Relative to expected rainfall and adequate provisions for drainage, it is pertinent to note that, while claimant stated he had protested to some one working on construction of the road east of his property that a larger culvert should be installed, said claimant afterward erected on his property several of the buildings that were damaged or destroyed on June 17, 1949.

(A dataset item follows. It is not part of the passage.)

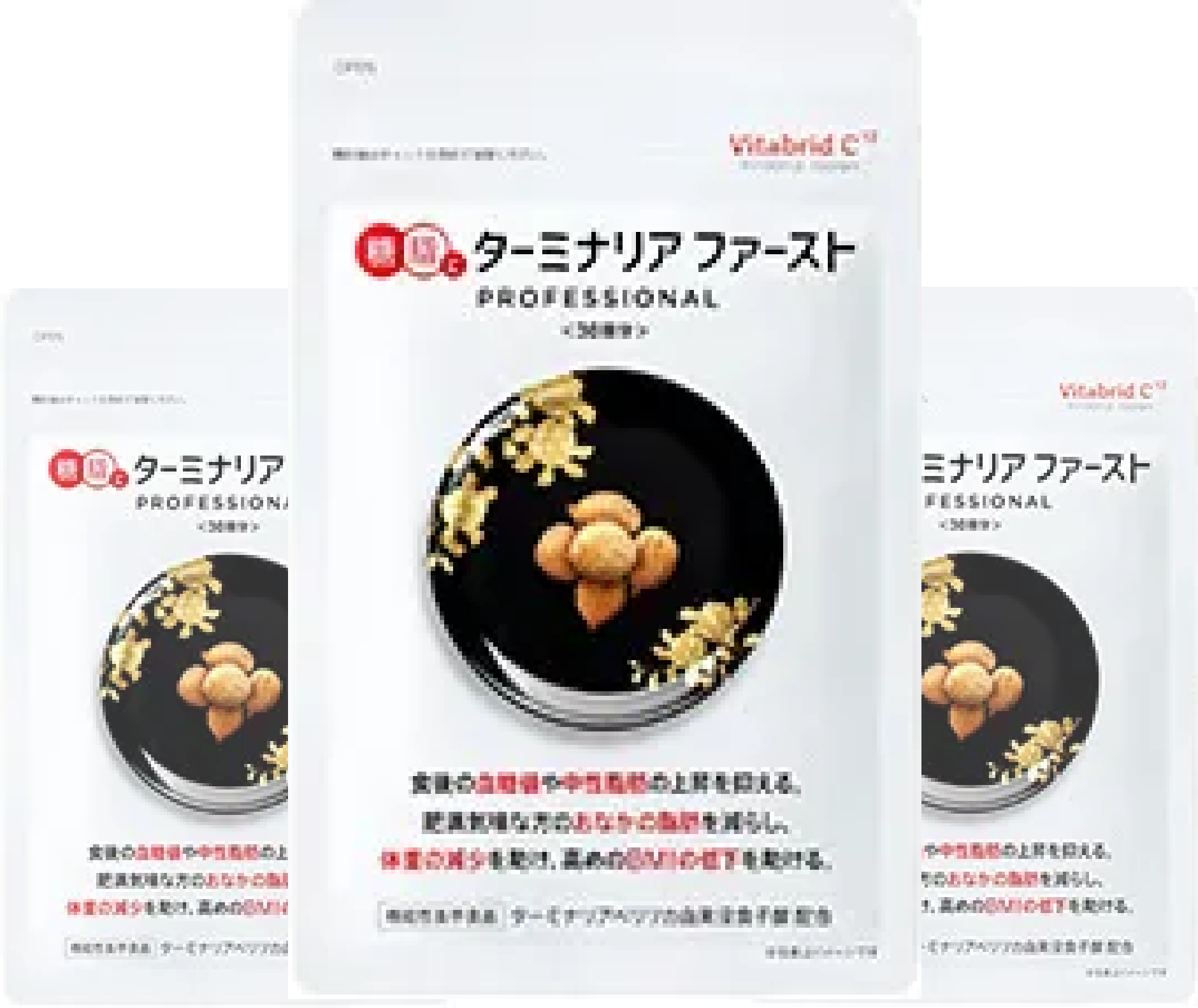 研究レビューで「食後の血糖値の上昇を有意に抑制」「食後の中性脂肪の上昇を有意に抑制」することがそれぞれ報告されているターミナリアベリリカ由来没食子酸を配合。

Considerable testimony was presented relative to the size of culvert that should have been installed to take care of the drainage area of which the claimant’s property was a part. Claimant relied on the Talbot formula for a drainage area of 115 acres in a mountainous region, calling for a culvert 6 feet by 6 feet, or 6 feet by 8 feet, while the respondent put dependence on the state road commission engineer’s estimate of requirements for a drainage area of 118 acres in a hilly region, with due consideration , of the amount of erosion shown there. The court claims no competence to pass judgment on the relative merit of the differing estimates, but is of the opinion that the deluge of water on June 17, 1949, was so great and sudden and unexpected as to preclude safeguard against damage and destruction, by any provision, within the province of the state road commission, for carrying off the water and debris that then descended upon the claimant’s property.

The court is of the opinion, after a hearing of his case on July 25 and 26, 1950, that claimant did not prove that failure of the state road commission to install a larger culvert at the road fill east of his property was the proximate cause of claimant’s loss, and therefore an award is denied.